Perangkat mobile punya potensi untuk menjadi ATM Personal yang memungkinkan konsumen untuk menikmati layanan ATM umum (kecuali menarik uang tunai). Hal ini adalah upaya untuk menyempurnakan tingkat keamanan.

Mobile banking bagi layanan finansial merupakan kolaborasi sumberdaya global, dimana para pakar dibidangnya bekerja keras bersama-sama untuk merancang strategi internasional berbasiskan kemampuan mobile. Statistik dari Asia Pasifik menunjukkan bahwa sebentar lagi mobile akan menjadi yang terdepan di bidang finansial. Semua permasalahan yang diangkat di artikel ini berkaitan dengan kurang memadainya keamanan layanan mobile yang saat ini tersedia di kawasan Asia Pasifik.

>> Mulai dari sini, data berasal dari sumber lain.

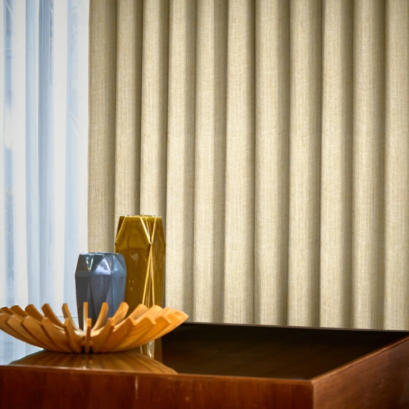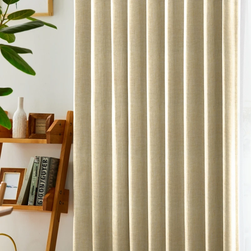 ふっくらとした厚みがあり、温かみのある生地感の遮光2級の無地ドレープです。ミックス感のある糸を使用したざっくりとしたナチュラル感のある織りが、おしゃれで豊かな表情を持っているので、落ち着きのある空間に仕上がります。シンプルでスマート、かつタイムレスな印象のドレープなので、リビングや寝室はもちろん、書斎にもおすすめのアイテムです。家庭洗濯OK(ウォッシャブル)なので、お手入れも簡単です。カラー:ナチュラルなベージュ色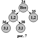 Уменьшенную матрицу можно привести на 1 по первому столбцу, так что каждый тур, ей отвечающий, стоит не меньше 35. Результат наших ветвлений и получения оценок показан на рис.6.

Otentikasi konsumen yang kuat dan universal, yang dirancang khusus untuk mobile, kini tersedia. Contohnya, PIN Kartu Kredit atau Kartu Debit konsumen saat ini bisa dimanfaatkn untuk mengaktivasi Terminal POS (Point of Sale) Mobile dan memungkinkan untuk melakukan aktivitas perbankan tanpa harus ke ATM.

MYPINPAD memiliki rencana investasi jangka panjang di kawasan Asia Pasifik dengan operasi permanen yang kini hadir di Indonesia dan Hong Kong — dua pilar utama untuk pertumbuhan — dan kami siap membawa solusi otentikasi yang aman dan dalam berbagai bentuk serta cara ke pasar yang tumbuh subur ini.